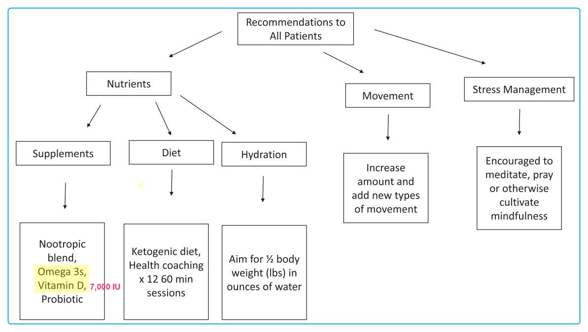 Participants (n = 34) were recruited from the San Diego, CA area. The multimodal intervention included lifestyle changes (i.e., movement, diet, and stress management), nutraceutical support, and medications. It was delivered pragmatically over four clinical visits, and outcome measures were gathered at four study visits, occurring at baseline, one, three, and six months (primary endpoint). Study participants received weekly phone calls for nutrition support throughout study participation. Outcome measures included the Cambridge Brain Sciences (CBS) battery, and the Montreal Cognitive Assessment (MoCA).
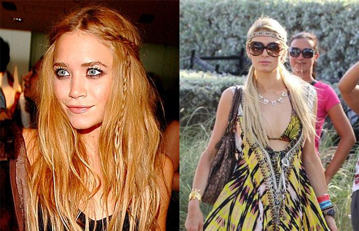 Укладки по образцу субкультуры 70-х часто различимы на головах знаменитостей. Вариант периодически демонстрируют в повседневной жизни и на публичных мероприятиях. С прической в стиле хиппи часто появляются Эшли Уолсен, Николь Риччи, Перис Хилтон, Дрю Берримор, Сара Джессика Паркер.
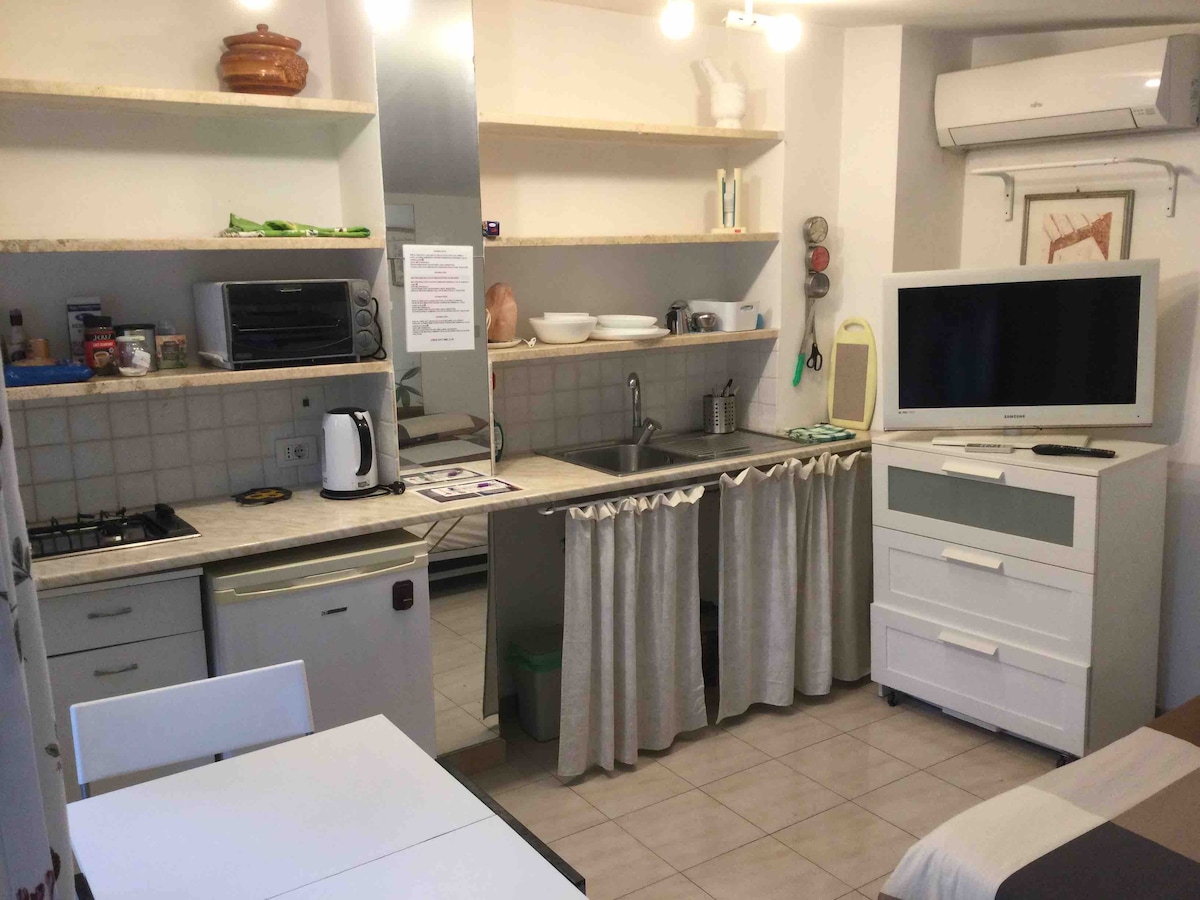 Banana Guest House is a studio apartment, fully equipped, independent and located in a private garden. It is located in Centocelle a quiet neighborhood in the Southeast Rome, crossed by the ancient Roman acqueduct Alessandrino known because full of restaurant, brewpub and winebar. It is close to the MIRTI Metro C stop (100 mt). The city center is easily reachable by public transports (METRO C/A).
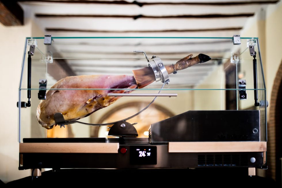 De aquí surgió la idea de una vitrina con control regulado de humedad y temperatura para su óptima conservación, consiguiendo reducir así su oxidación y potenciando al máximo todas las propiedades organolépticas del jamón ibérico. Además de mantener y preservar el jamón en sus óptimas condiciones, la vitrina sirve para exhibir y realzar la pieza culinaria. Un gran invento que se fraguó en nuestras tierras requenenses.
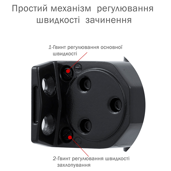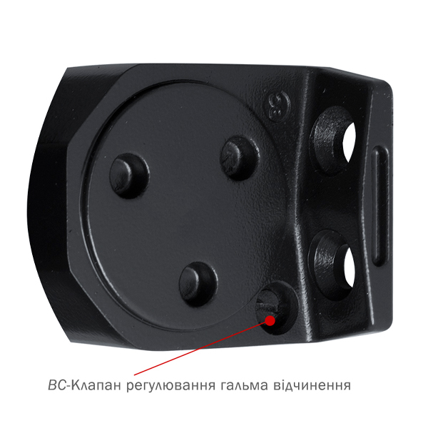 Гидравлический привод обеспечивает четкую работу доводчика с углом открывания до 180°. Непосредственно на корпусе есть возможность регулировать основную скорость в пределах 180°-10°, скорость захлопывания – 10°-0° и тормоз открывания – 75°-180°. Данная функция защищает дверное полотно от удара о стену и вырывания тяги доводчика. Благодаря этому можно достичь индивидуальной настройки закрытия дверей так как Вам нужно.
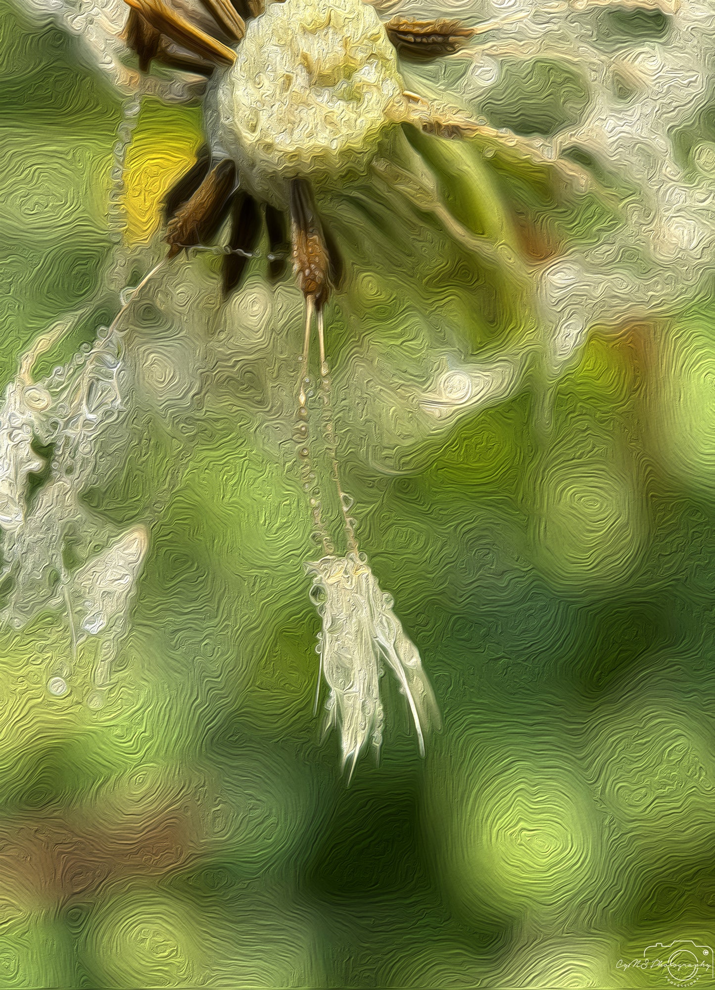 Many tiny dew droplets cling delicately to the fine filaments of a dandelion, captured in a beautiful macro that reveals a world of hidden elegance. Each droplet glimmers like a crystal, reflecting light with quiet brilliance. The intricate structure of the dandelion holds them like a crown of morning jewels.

==

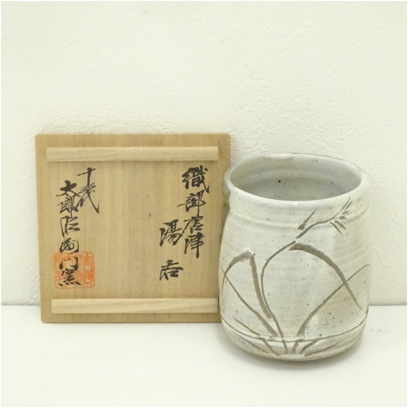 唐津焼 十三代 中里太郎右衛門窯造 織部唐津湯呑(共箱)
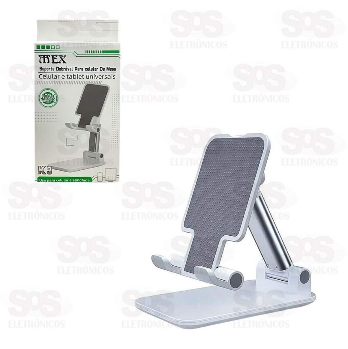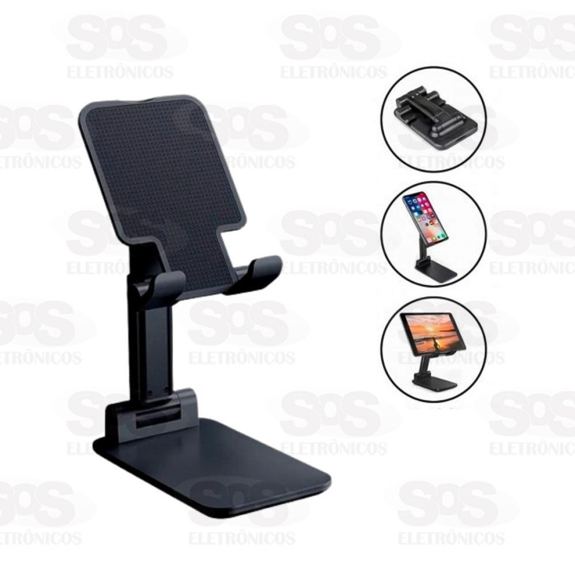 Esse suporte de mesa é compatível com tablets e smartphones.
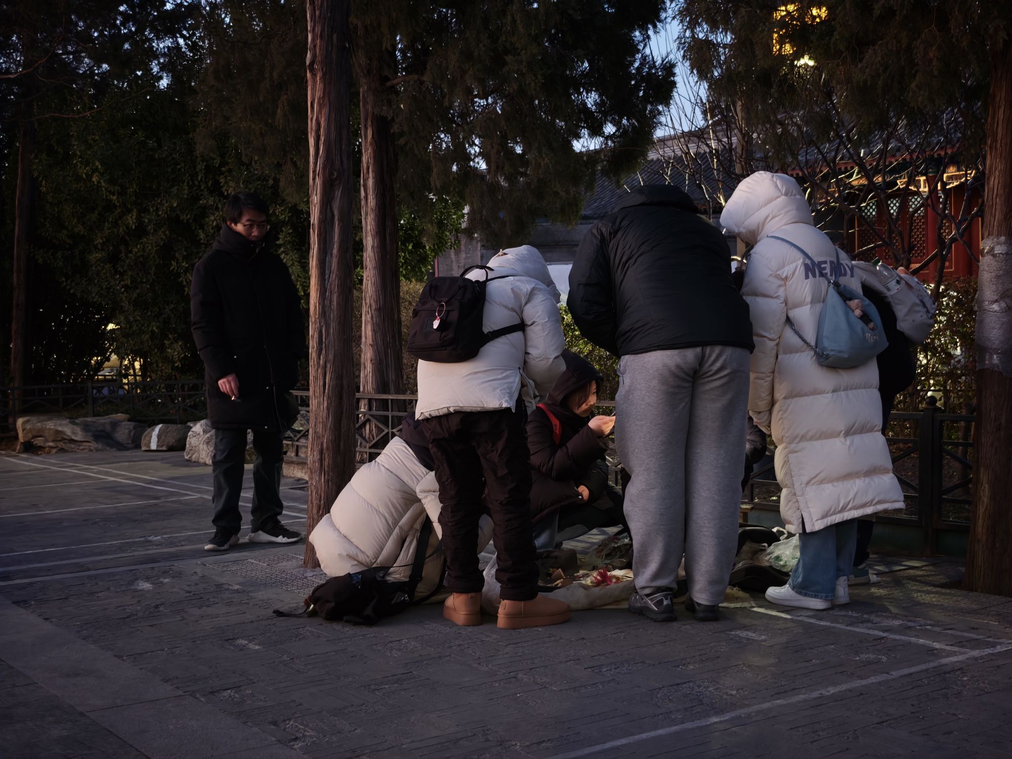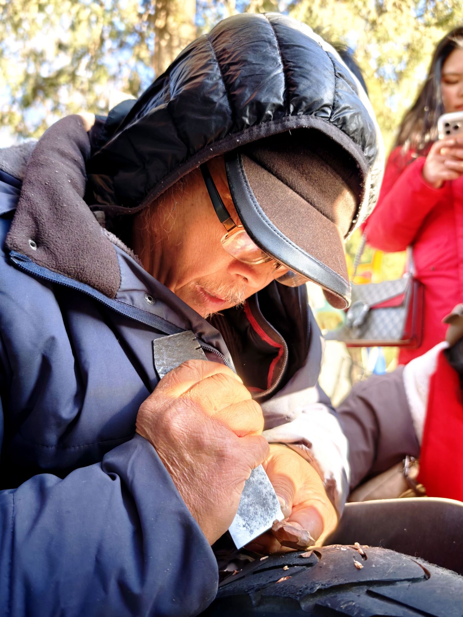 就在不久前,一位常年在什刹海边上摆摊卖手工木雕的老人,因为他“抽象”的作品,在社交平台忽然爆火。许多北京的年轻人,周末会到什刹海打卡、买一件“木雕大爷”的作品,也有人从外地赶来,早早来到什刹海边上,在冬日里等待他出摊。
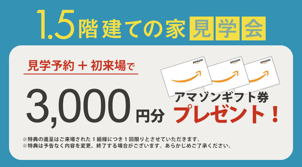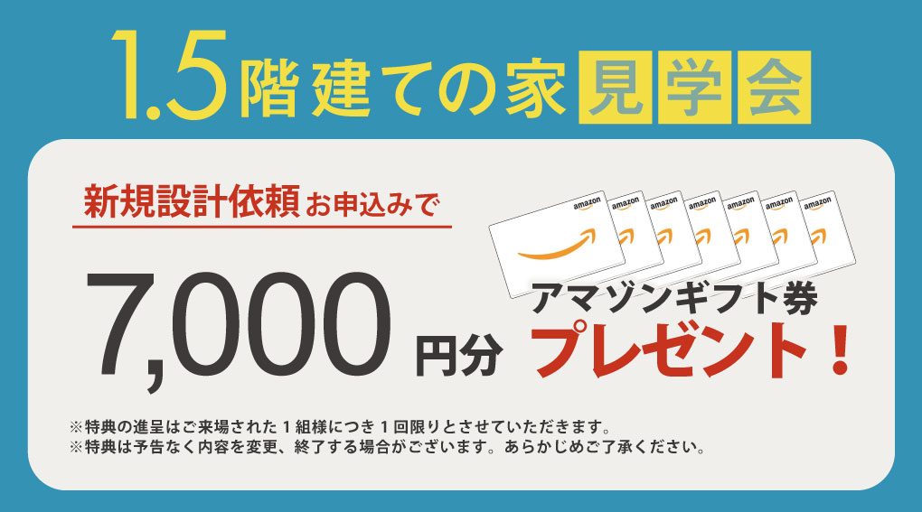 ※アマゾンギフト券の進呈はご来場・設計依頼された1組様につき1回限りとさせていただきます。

**Try it**
Copy out exactly the material that runs from the line with "Participants (n = 34)" to the line with "Укладки по образцу", ends included, and leave the pictures behind.

**Task output**
 Participants (n = 34) were recruited from the San Diego, CA area. The multimodal intervention included lifestyle changes (i.e., movement, diet, and stress management), nutraceutical support, and medications. It was delivered pragmatically over four clinical visits, and outcome measures were gathered at four study visits, occurring at baseline, one, three, and six months (primary endpoint). Study participants received weekly phone calls for nutrition support throughout study participation. Outcome measures included the Cambridge Brain Sciences (CBS) battery, and the Montreal Cognitive Assessment (MoCA).
 Укладки по образцу субкультуры 70-х часто различимы на головах знаменитостей. Вариант периодически демонстрируют в повседневной жизни и на публичных мероприятиях. С прической в стиле хиппи часто появляются Эшли Уолсен, Николь Риччи, Перис Хилтон, Дрю Берримор, Сара Джессика Паркер.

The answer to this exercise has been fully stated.